- Opening Delimiter -
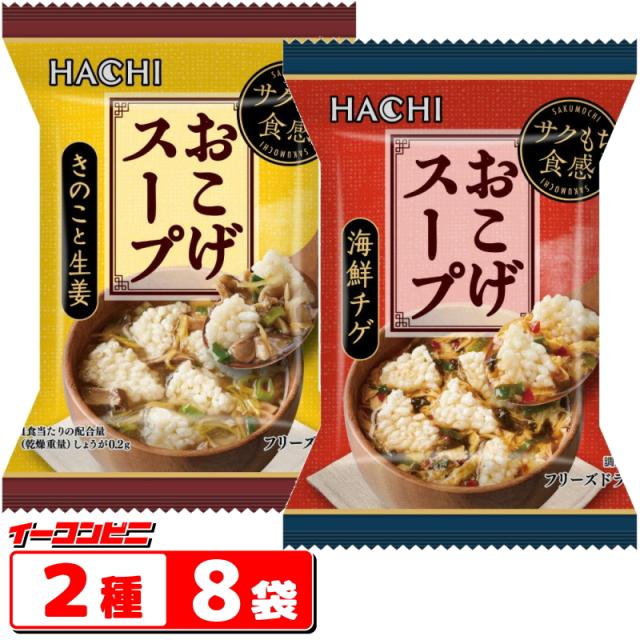 ハチ食品 フリーズドライ おこげスープ 2種各4袋セット(計8袋) 海鮮チゲ/きのこと生姜 サクもち食感
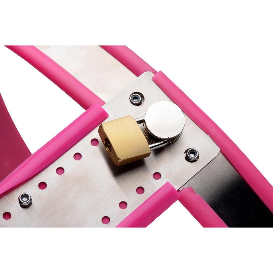 Cinto de castidade em aço inoxidável com forro de silicone rosa, confortável e ajustável para submissão segura e discreta.
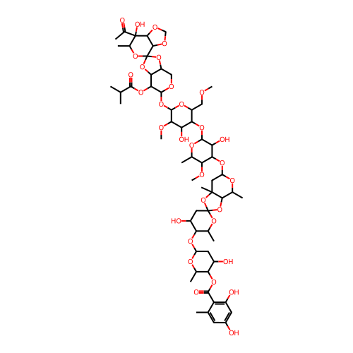 | SMILES | CC1C(C(CC(O1)OC2C(OC3(CC2O)OC4C(OC(CC4(O3)C)OC5C(C(OC(C5OC)C)OC6C(OC(C(C6O)OC)OC7C(C8C(CO7)OC9(O8)C1C(C(C(O9)C)(C(=O)C)O)OCO1)OC(=O)C(C)C)COC)O)C)C)O)OC(=O)C1=C(C=C(C=C1C)O)O |
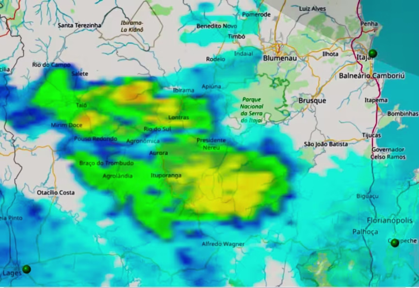 Confira abaixo a imagem do Radar da Aeronáutica, atualizada às 20h45, onde podemos observar a precipitação mal distribuída, presente nos municípios do Alto Vale, ilustrada nas manchas coloridas da figura do mapa.
- Closing Delimiter -
→ WHAT NEEDS TO BE DONE:
Reproduce the listing exactly. Leave its pictures out.

→ ANSWER SECTION:
 ハチ食品 フリーズドライ おこげスープ 2種各4袋セット(計8袋) 海鮮チゲ/きのこと生姜 サクもち食感
 Cinto de castidade em aço inoxidável com forro de silicone rosa, confortável e ajustável para submissão segura e discreta.
 | SMILES | CC1C(C(CC(O1)OC2C(OC3(CC2O)OC4C(OC(CC4(O3)C)OC5C(C(OC(C5OC)C)OC6C(OC(C(C6O)OC)OC7C(C8C(CO7)OC9(O8)C1C(C(C(O9)C)(C(=O)C)O)OCO1)OC(=O)C(C)C)COC)O)C)C)O)OC(=O)C1=C(C=C(C=C1C)O)O |
 Confira abaixo a imagem do Radar da Aeronáutica, atualizada às 20h45, onde podemos observar a precipitação mal distribuída, presente nos municípios do Alto Vale, ilustrada nas manchas coloridas da figura do mapa.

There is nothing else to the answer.